According to the GRSV N protein model, the RNA is primarily bound at the central RNA-binding groove (Fig. 2b), and the key residues for this interaction (K3, K5, Q17, K58, R60, Q61, R94, R95, K183, Y184, K187, K192 and K227) are mainly located in this positively charged groove. This positively charged groove is only possible because residues F37, F56, F72, F74, I79, M91, F93 and L96 form a hydrophobic core, which is indispensable to stabilize the protein folding and to correctly orient the RNA interacting residues towards the groove. Importantly, these residues are highly conserved among all tospoviruses (Fig. 3). Note that the N-terminal arm is also involved in RNA binding and shielding RNA from the solvent (Fig. 2c-d). Residues F23, L54, F56, L57 and F93 were observed to modulate the RNA nucleobases dynamics during the performed simulation, while the N-terminal arm seems to play a stabilization role during MD simulations of GRSV N protein (Fig. 4a and b). In addition, the content of alpha-helices in GRSV N protein bound to RNA increased 25 % during the simulation in comparison to the free monomer (Fig. 4d), suggesting that, in the simulated timescale, the monomeric state does not present a lack of conformational stability in detriment of oligomeric states, as observed experimentally for other viruses [32, 33].
Recently, the residues R60, R94, and R95 were confirmed to interact with RNA , which also supports our results. RNA is strongly bent at each N-N interface and is largely solvent-inaccessible in the tetramer (Fig. 2d). The dimensions of the groove can accommodate ssRNA and PISA analysis showed that the majority of residue-nucleotide interactions occur with the ribose and the phosphate moieties, suggesting a non-sequence-specific RNA interaction. Indeed, Richmond et al.  carried out mutagenesis and gel shift assay studies to identify N regions important for ssRNA binding and demonstrated that the N-RNA complex is highly stable and non-sequence-specific, further supporting these results.

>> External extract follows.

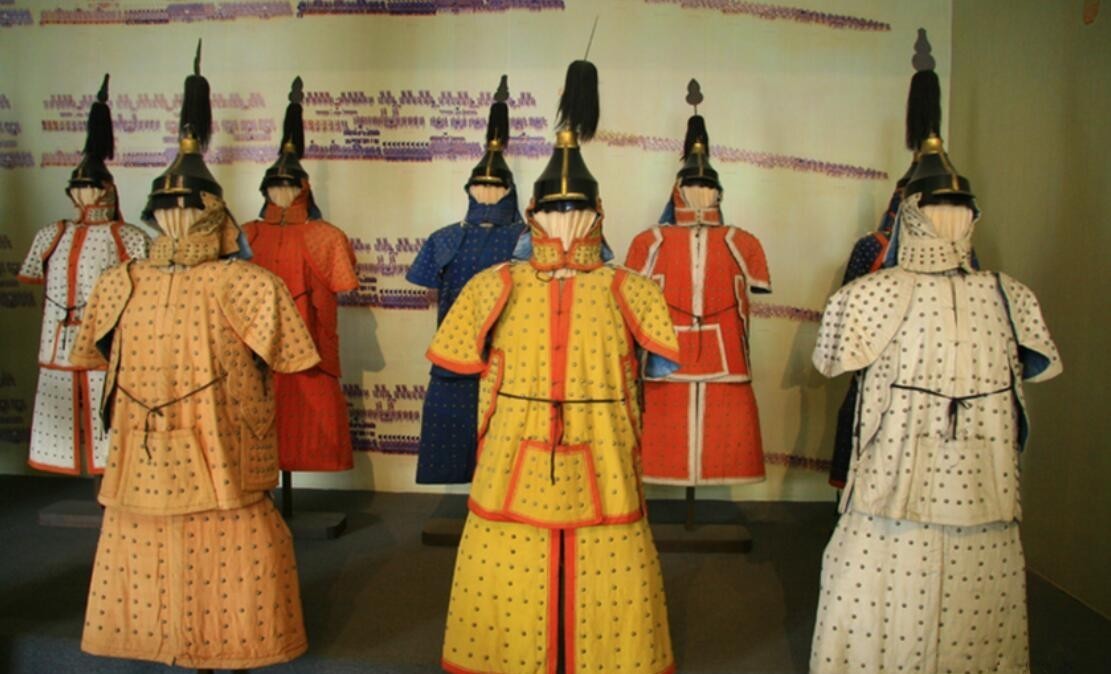 由于清朝军队以满八旗和蒙古八旗为主,军队的铠甲颜色也不一样,分为了黄色、红色、白色和蓝色,正好对应了八旗制度(正黄旗、镶黄旗、正白旗、镶白旗、正红旗、镶红旗、正蓝旗、镶蓝旗)。除了盔甲之外,盔枪上的樱穗颜色,也分为了黄、红、白、蓝。曾经有南明官员形容清军"甲胄鲜明,"由此可见,这不是空穴来风。

Taken together, these data will help designing further and more accurate mutational and functional studies of tospovirus N proteins. In addition, the proposed model may shed light on the mechanisms of RNP shaping and could allow the identification of essential amino acid residues as potential targets for tospovirus control strategies.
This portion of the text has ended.